Provided data
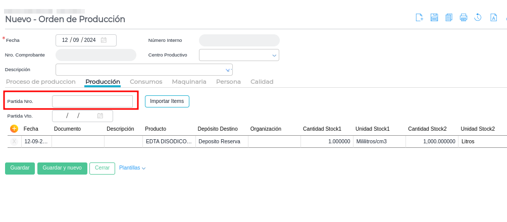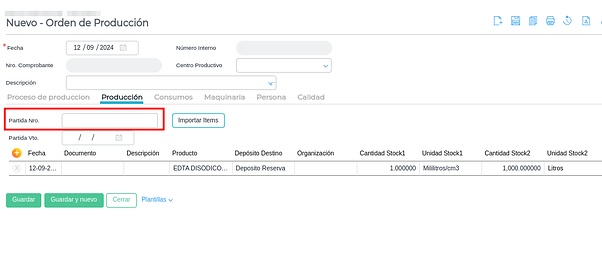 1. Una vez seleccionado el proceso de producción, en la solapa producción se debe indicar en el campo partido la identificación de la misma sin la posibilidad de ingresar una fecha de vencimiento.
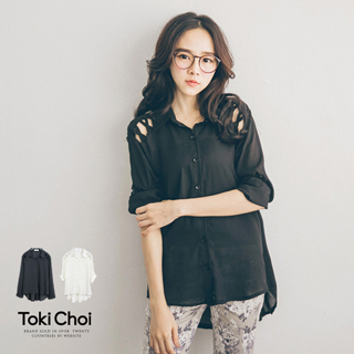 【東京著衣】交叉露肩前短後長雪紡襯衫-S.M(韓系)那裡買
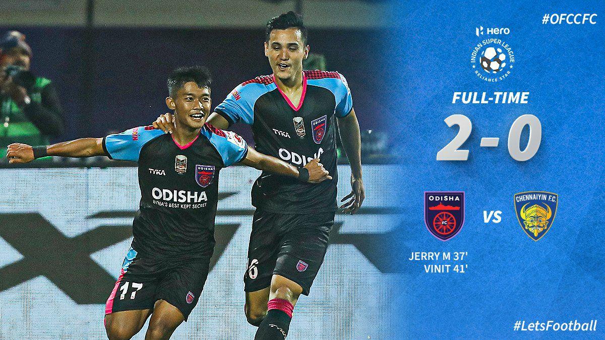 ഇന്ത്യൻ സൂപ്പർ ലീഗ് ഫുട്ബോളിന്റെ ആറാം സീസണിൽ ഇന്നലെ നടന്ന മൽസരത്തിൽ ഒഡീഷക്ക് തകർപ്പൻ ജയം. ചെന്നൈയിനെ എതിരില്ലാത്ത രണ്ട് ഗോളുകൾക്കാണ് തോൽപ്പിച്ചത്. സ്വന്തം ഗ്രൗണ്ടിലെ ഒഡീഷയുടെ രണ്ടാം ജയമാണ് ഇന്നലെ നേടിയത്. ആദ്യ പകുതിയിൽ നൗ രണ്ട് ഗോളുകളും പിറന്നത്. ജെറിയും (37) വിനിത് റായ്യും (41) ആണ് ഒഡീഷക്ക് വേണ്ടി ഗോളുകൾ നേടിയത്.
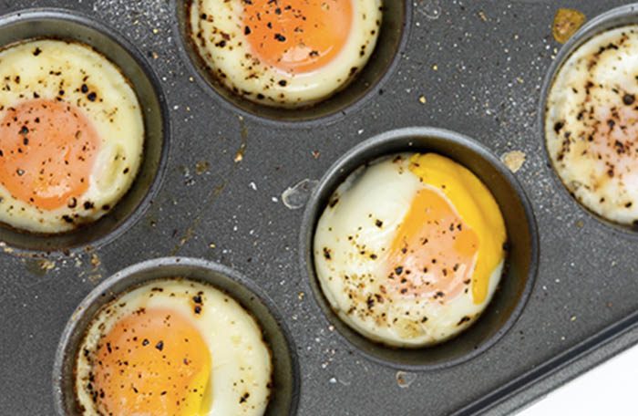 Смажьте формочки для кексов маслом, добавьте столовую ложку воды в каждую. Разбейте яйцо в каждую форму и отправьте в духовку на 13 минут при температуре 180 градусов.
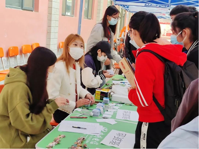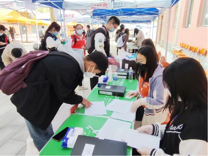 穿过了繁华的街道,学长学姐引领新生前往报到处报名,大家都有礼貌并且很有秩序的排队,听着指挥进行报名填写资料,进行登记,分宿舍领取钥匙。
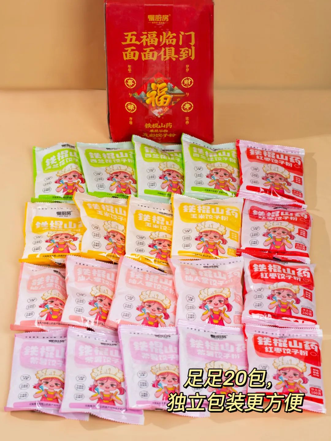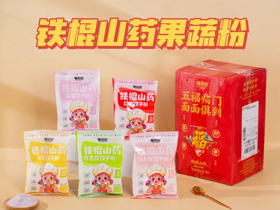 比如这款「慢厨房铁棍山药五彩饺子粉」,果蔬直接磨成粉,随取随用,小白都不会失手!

Directions
Retype the data above exactly. Leave the pictures out.

Reply
 1. Una vez seleccionado el proceso de producción, en la solapa producción se debe indicar en el campo partido la identificación de la misma sin la posibilidad de ingresar una fecha de vencimiento.
 【東京著衣】交叉露肩前短後長雪紡襯衫-S.M(韓系)那裡買
 ഇന്ത്യൻ സൂപ്പർ ലീഗ് ഫുട്ബോളിന്റെ ആറാം സീസണിൽ ഇന്നലെ നടന്ന മൽസരത്തിൽ ഒഡീഷക്ക് തകർപ്പൻ ജയം. ചെന്നൈയിനെ എതിരില്ലാത്ത രണ്ട് ഗോളുകൾക്കാണ് തോൽപ്പിച്ചത്. സ്വന്തം ഗ്രൗണ്ടിലെ ഒഡീഷയുടെ രണ്ടാം ജയമാണ് ഇന്നലെ നേടിയത്. ആദ്യ പകുതിയിൽ നൗ രണ്ട് ഗോളുകളും പിറന്നത്. ജെറിയും (37) വിനിത് റായ്യും (41) ആണ് ഒഡീഷക്ക് വേണ്ടി ഗോളുകൾ നേടിയത്.
 Смажьте формочки для кексов маслом, добавьте столовую ложку воды в каждую. Разбейте яйцо в каждую форму и отправьте в духовку на 13 минут при температуре 180 градусов.
 穿过了繁华的街道,学长学姐引领新生前往报到处报名,大家都有礼貌并且很有秩序的排队,听着指挥进行报名填写资料,进行登记,分宿舍领取钥匙。
 比如这款「慢厨房铁棍山药五彩饺子粉」,果蔬直接磨成粉,随取随用,小白都不会失手!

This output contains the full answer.